[Start of Attachment]

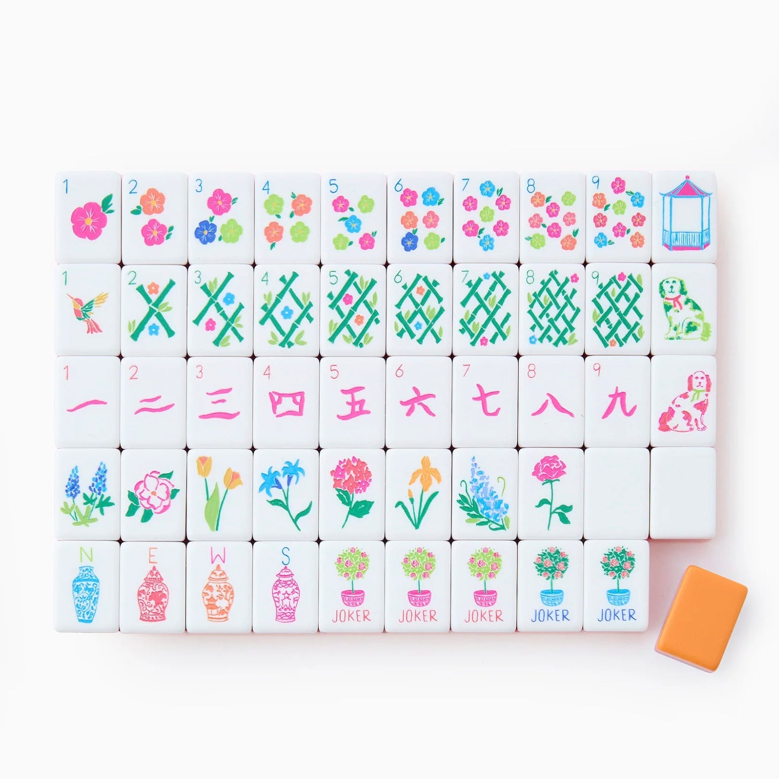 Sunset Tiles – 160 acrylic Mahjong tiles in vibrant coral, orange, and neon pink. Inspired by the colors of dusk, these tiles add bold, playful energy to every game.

[End of Attachment]
[Start of Attachment]

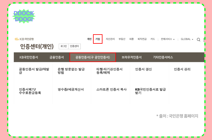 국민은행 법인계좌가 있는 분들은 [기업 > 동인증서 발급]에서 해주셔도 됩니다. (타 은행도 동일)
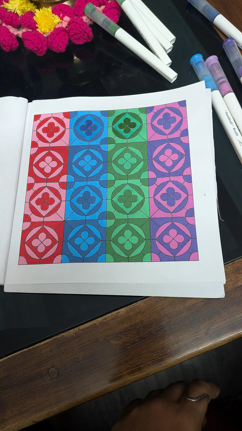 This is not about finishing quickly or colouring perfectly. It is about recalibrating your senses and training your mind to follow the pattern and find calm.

[End of Attachment]
[Start of Attachment]

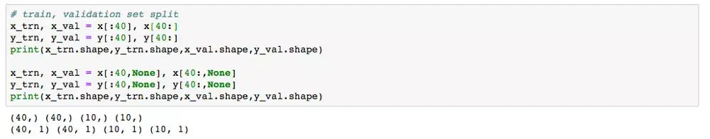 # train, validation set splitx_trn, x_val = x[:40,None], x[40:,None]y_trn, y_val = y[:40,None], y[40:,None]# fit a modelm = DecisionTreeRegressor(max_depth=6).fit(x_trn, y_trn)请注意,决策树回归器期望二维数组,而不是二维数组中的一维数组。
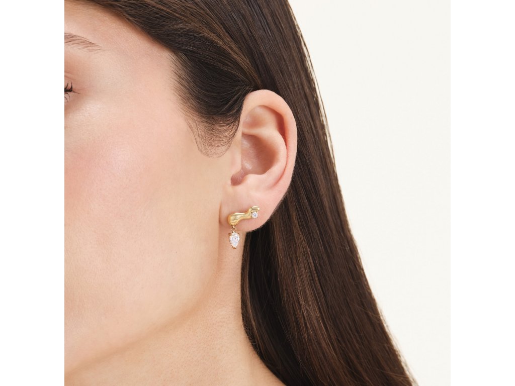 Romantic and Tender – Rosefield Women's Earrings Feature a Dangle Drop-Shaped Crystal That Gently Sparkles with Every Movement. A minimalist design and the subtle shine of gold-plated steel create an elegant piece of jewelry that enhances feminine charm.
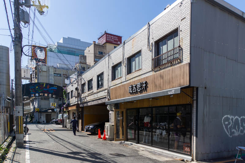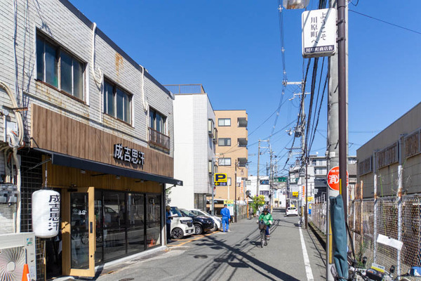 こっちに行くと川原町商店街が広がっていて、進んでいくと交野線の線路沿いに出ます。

[End of Attachment]

### Required action
Please copy the lines above exactly, starting at the line that holds "# train, validation" and ending at the line that holds "こっちに行くと川原町商店街が"; include both, but no pictures.

### Your response
 # train, validation set splitx_trn, x_val = x[:40,None], x[40:,None]y_trn, y_val = y[:40,None], y[40:,None]# fit a modelm = DecisionTreeRegressor(max_depth=6).fit(x_trn, y_trn)请注意,决策树回归器期望二维数组,而不是二维数组中的一维数组。
 Romantic and Tender – Rosefield Women's Earrings Feature a Dangle Drop-Shaped Crystal That Gently Sparkles with Every Movement. A minimalist design and the subtle shine of gold-plated steel create an elegant piece of jewelry that enhances feminine charm.
 こっちに行くと川原町商店街が広がっていて、進んでいくと交野線の線路沿いに出ます。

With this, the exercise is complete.